À quelques moments de là Truitonne vint ; elle aperçut la reine avec son pâté, qui feignait de le vouloir manger. « Que fais-tu là, ma Mie-Souillon ? lui dit-elle. — Madame, répliqua Florine, je mange des astrologues, des musiciens et des médecins. » En même temps tous les oiseaux, se mettent à chanter plus mélodieusement que des sirènes ; puis ils s’écrièrent : « Donnez la pièce blanche, et nous vous dirons votre bonne aventure. » Un canard, qui dominait, dit plus haut que les autres : « Can, can, can, je suis médecin, je guéris de tous maux et de toute sorte de folie, hormis de celle d’amour. » Truitonne, plus surprise de tant de merveilles qu’elle l’eût été de ses jours, jura : « Par la vertuchou, voilà un excellent pâté ! je le veux avoir.

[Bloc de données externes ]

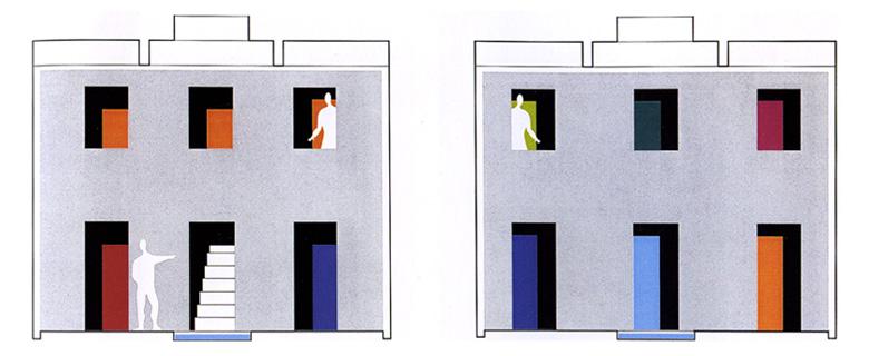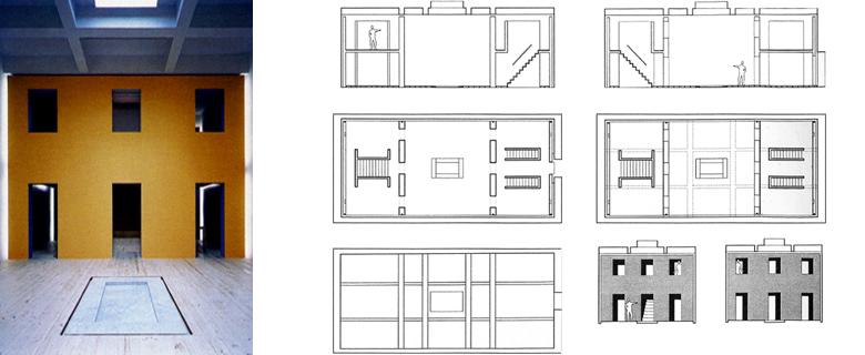 This house, virtual development of a real house built on a Mediterranean isle, is the staging as if in a theatre, of an essential dwelling. Essential not in the sense of minimal but in the more particular significance of the idea of inhabiting. As in a traditional Italian house, the layout develops simmetrically, some coloured walls highlight and mark the divisions. Different sound perspectives, room after room, define the sounding space and compose an entire musical performance in the big central space.

Çà, çà, Mie-Souillon, que t’en donnerais-je ? — Le prix ordinaire, dit-elle : coucher dans le cabinet des échos, et rien davantage. — Tiens, dit généreusement Truitonne (car elle était de belle humeur par l’acquisition d’un tel pâté), tu en auras une pistole. » Florine, plus contente qu’elle l’eût encore été, parce qu’elle espérait que le roi l’entendrait, se retira en la remerciant.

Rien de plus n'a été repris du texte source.